**Work instruction**
Your task is to retype, exactly, the line containing "Let's go back" and every later line through the end of the listing, with pictures omitted.

**Extracted information**
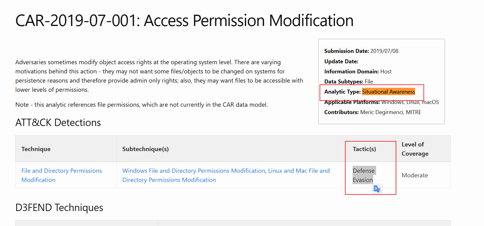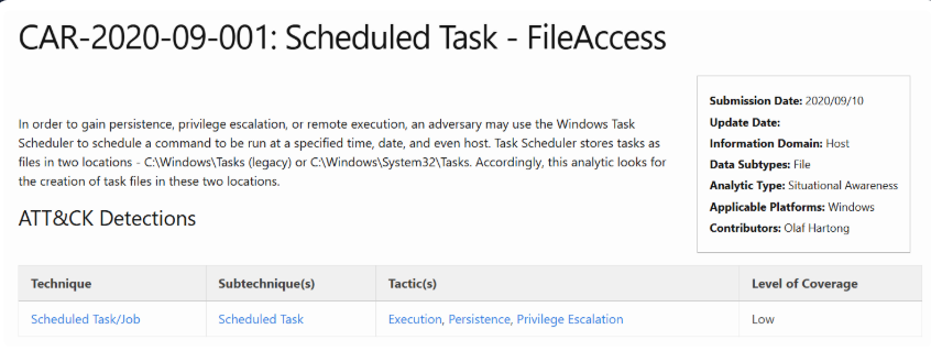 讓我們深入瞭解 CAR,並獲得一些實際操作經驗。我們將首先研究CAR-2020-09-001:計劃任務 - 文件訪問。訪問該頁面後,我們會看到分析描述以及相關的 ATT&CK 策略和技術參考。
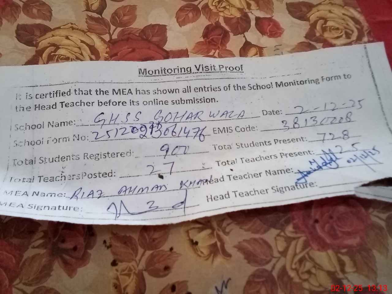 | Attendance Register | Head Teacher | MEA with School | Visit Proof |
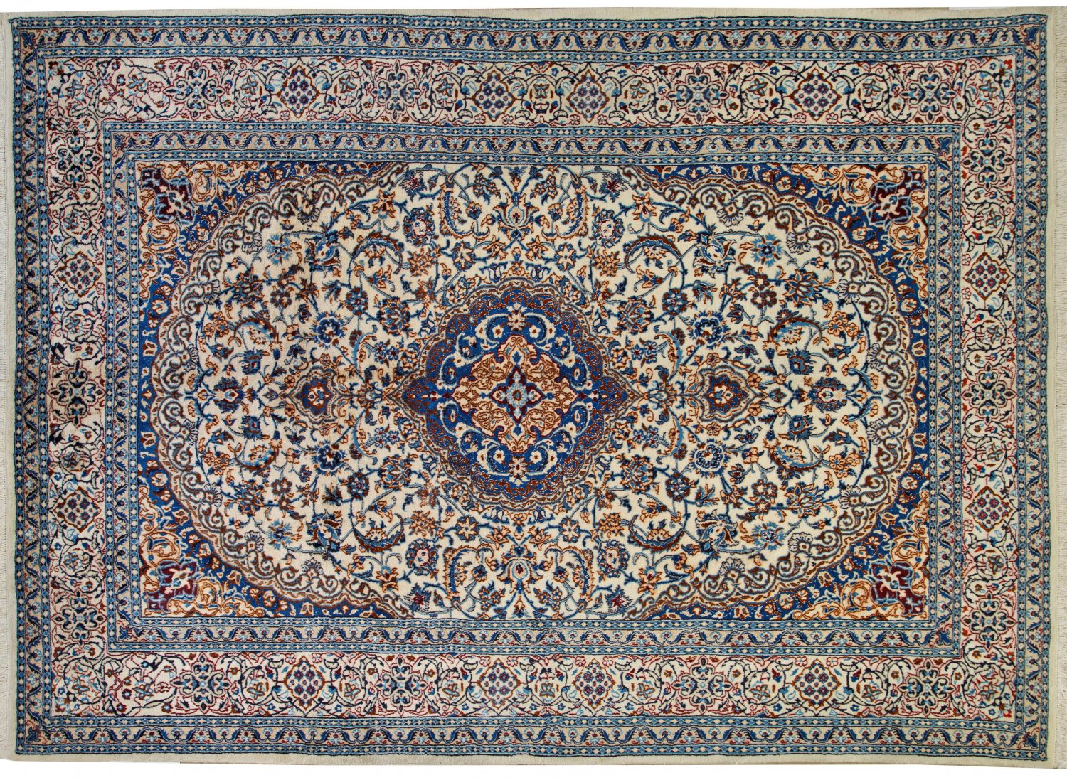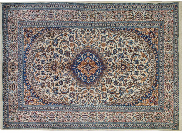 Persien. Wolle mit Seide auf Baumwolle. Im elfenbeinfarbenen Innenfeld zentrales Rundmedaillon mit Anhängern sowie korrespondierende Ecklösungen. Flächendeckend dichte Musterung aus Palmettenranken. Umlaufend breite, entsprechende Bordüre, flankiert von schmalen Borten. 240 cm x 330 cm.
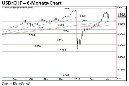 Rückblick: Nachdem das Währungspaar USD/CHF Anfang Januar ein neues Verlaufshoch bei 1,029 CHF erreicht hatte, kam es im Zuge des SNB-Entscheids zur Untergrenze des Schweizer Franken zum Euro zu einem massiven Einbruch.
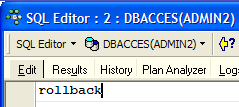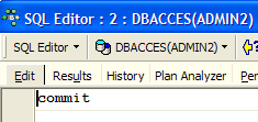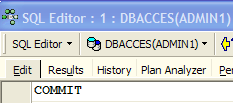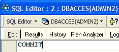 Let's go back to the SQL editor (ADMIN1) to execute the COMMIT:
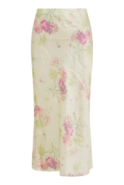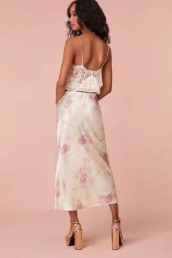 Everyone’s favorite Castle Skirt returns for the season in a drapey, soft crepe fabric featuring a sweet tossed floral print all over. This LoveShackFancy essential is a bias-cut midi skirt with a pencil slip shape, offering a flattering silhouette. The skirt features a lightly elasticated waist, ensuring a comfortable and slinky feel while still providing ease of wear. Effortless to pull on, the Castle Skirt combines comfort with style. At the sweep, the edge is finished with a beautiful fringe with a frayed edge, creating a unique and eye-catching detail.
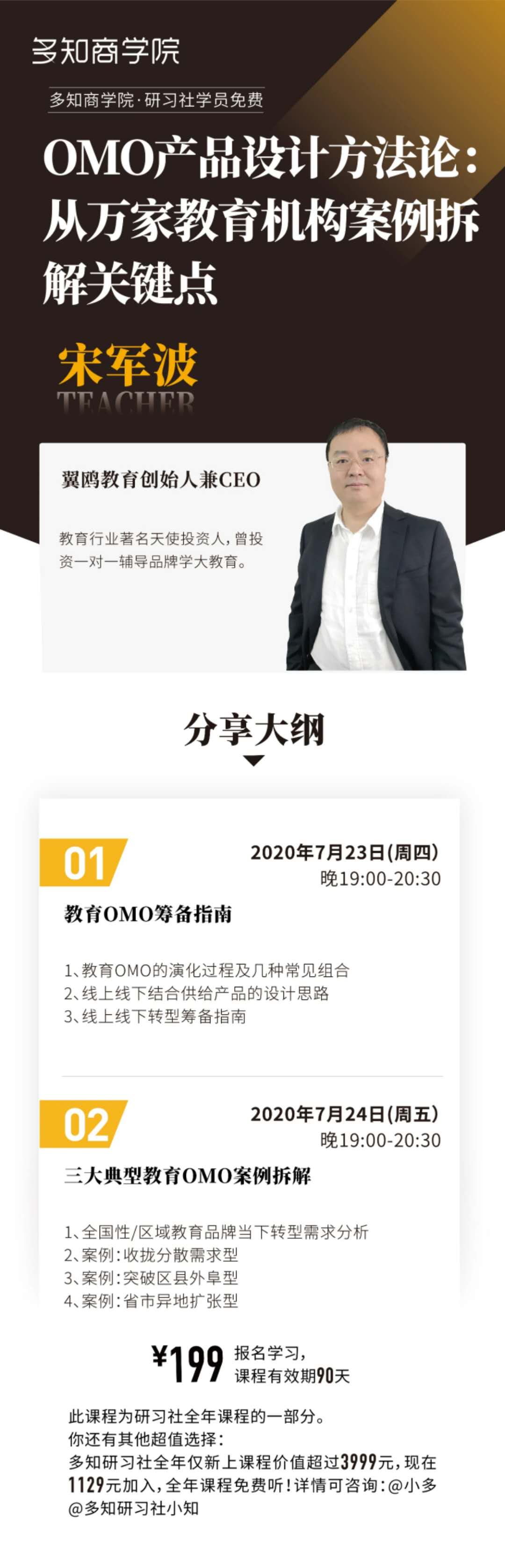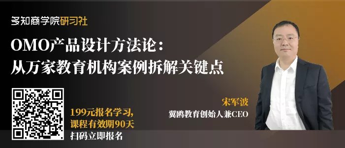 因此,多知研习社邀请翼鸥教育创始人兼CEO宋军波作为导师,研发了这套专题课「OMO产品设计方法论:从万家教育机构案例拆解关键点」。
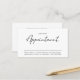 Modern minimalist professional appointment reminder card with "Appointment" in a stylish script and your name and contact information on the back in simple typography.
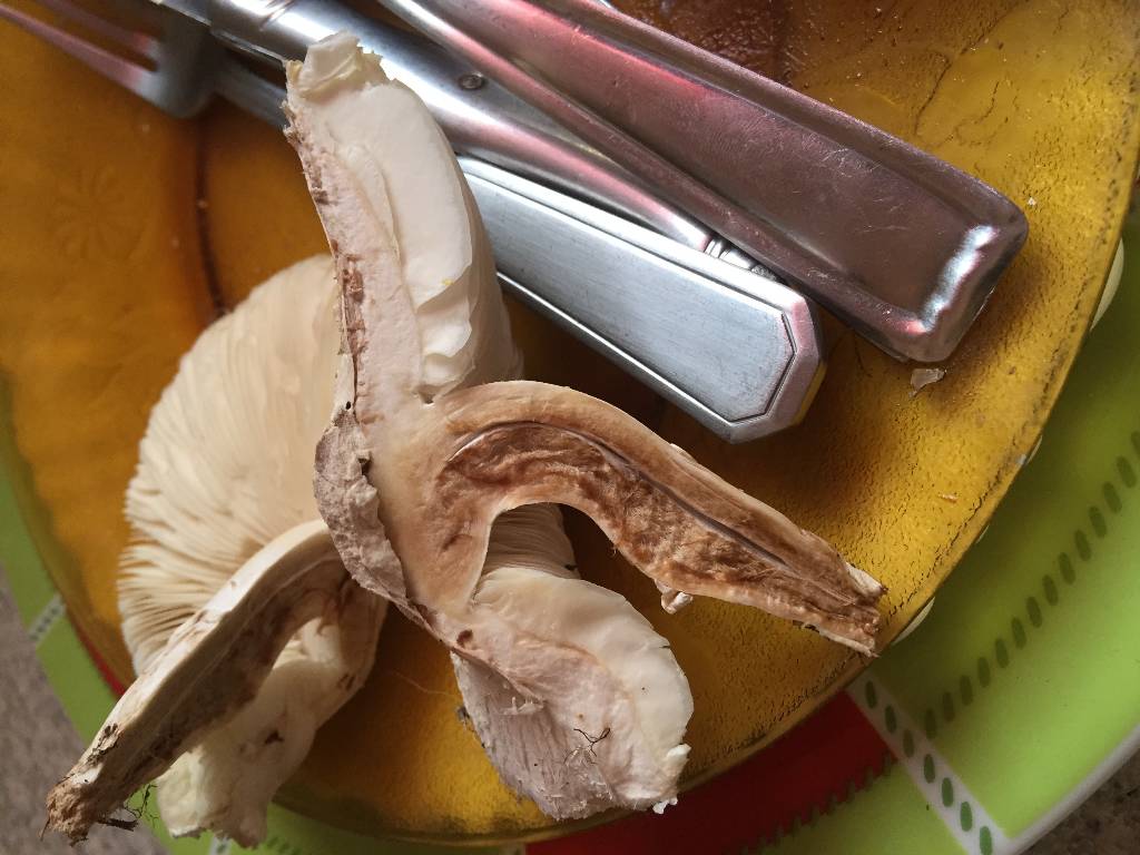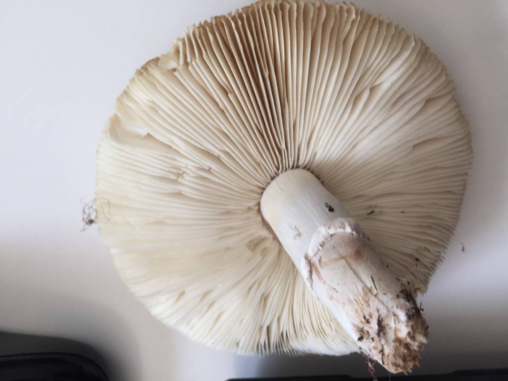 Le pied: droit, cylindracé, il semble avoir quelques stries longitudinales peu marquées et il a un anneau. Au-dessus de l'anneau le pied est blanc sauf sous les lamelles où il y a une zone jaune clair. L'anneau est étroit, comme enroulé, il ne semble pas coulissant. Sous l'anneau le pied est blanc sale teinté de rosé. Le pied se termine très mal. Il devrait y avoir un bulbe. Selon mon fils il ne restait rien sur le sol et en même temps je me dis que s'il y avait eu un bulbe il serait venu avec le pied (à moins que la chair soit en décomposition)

**Response to the task**
 Let's go back to the SQL editor (ADMIN1) to execute the COMMIT:
 Everyone’s favorite Castle Skirt returns for the season in a drapey, soft crepe fabric featuring a sweet tossed floral print all over. This LoveShackFancy essential is a bias-cut midi skirt with a pencil slip shape, offering a flattering silhouette. The skirt features a lightly elasticated waist, ensuring a comfortable and slinky feel while still providing ease of wear. Effortless to pull on, the Castle Skirt combines comfort with style. At the sweep, the edge is finished with a beautiful fringe with a frayed edge, creating a unique and eye-catching detail.
 因此,多知研习社邀请翼鸥教育创始人兼CEO宋军波作为导师,研发了这套专题课「OMO产品设计方法论:从万家教育机构案例拆解关键点」。
 Modern minimalist professional appointment reminder card with "Appointment" in a stylish script and your name and contact information on the back in simple typography.
 Le pied: droit, cylindracé, il semble avoir quelques stries longitudinales peu marquées et il a un anneau. Au-dessus de l'anneau le pied est blanc sauf sous les lamelles où il y a une zone jaune clair. L'anneau est étroit, comme enroulé, il ne semble pas coulissant. Sous l'anneau le pied est blanc sale teinté de rosé. Le pied se termine très mal. Il devrait y avoir un bulbe. Selon mon fils il ne restait rien sur le sol et en même temps je me dis que s'il y avait eu un bulbe il serait venu avec le pied (à moins que la chair soit en décomposition)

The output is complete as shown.